Task instructions
Your job is to set down the stretch of entries that opens with the line containing "吊り下げて飾る場合は、最後に吊り下げ用の紐を土台に結びつけておきます。" and closes with the line containing "Victorinox art. 0.6221.L21". Keep both end lines, copy each exactly, and add nothing.

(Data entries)
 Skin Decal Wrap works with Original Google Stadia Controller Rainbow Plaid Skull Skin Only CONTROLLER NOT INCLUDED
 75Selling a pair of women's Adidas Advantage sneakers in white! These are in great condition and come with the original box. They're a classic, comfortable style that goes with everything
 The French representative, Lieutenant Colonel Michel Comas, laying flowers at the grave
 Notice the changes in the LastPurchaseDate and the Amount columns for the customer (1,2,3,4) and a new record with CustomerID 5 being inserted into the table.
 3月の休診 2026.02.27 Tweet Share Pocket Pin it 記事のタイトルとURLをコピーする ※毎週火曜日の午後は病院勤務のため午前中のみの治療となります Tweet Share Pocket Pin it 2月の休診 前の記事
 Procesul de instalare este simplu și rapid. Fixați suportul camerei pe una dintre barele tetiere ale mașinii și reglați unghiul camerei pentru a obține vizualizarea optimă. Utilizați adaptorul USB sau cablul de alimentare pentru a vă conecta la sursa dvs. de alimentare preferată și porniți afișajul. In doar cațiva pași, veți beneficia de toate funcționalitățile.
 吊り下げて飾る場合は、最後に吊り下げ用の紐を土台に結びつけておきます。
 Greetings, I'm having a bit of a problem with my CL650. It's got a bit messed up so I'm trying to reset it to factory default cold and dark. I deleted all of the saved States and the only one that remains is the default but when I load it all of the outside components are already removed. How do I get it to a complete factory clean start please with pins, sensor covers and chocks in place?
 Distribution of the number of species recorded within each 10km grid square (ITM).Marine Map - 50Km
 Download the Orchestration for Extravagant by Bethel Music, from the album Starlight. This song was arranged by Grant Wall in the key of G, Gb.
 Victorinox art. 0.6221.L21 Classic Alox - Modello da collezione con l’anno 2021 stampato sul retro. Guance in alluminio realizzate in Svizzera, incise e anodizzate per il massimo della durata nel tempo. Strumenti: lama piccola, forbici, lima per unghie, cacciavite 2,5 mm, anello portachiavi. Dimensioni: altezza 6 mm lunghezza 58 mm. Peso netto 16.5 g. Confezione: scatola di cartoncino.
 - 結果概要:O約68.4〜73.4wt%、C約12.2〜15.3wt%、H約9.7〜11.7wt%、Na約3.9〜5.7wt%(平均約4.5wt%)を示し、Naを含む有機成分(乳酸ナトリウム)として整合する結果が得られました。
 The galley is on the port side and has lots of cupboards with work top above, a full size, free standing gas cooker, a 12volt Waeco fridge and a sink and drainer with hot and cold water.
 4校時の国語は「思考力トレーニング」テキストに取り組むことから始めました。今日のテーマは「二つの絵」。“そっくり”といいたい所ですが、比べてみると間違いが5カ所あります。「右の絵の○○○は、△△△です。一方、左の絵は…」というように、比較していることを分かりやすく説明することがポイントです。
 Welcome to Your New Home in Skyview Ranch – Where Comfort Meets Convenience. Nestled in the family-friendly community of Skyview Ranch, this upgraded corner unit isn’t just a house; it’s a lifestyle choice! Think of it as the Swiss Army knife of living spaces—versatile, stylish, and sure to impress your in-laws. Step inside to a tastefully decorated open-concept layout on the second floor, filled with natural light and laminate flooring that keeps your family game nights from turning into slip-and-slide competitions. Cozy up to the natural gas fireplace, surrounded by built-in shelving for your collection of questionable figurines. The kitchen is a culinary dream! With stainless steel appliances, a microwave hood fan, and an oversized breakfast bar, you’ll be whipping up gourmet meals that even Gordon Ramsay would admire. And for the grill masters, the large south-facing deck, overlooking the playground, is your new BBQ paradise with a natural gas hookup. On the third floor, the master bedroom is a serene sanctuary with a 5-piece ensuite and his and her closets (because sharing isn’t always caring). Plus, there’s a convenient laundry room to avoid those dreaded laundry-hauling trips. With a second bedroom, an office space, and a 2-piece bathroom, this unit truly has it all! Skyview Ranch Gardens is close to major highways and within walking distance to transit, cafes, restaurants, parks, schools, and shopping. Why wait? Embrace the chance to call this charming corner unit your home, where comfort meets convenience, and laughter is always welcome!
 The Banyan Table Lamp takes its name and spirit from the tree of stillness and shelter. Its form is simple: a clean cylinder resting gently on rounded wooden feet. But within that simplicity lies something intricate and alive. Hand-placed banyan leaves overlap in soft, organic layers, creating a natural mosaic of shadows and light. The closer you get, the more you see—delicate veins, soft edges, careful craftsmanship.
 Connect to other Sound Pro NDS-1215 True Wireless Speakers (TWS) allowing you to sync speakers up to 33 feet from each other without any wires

Exercise answer
 吊り下げて飾る場合は、最後に吊り下げ用の紐を土台に結びつけておきます。
 Greetings, I'm having a bit of a problem with my CL650. It's got a bit messed up so I'm trying to reset it to factory default cold and dark. I deleted all of the saved States and the only one that remains is the default but when I load it all of the outside components are already removed. How do I get it to a complete factory clean start please with pins, sensor covers and chocks in place?
 Distribution of the number of species recorded within each 10km grid square (ITM).Marine Map - 50Km
 Download the Orchestration for Extravagant by Bethel Music, from the album Starlight. This song was arranged by Grant Wall in the key of G, Gb.
 Victorinox art. 0.6221.L21 Classic Alox - Modello da collezione con l’anno 2021 stampato sul retro. Guance in alluminio realizzate in Svizzera, incise e anodizzate per il massimo della durata nel tempo. Strumenti: lama piccola, forbici, lima per unghie, cacciavite 2,5 mm, anello portachiavi. Dimensioni: altezza 6 mm lunghezza 58 mm. Peso netto 16.5 g. Confezione: scatola di cartoncino.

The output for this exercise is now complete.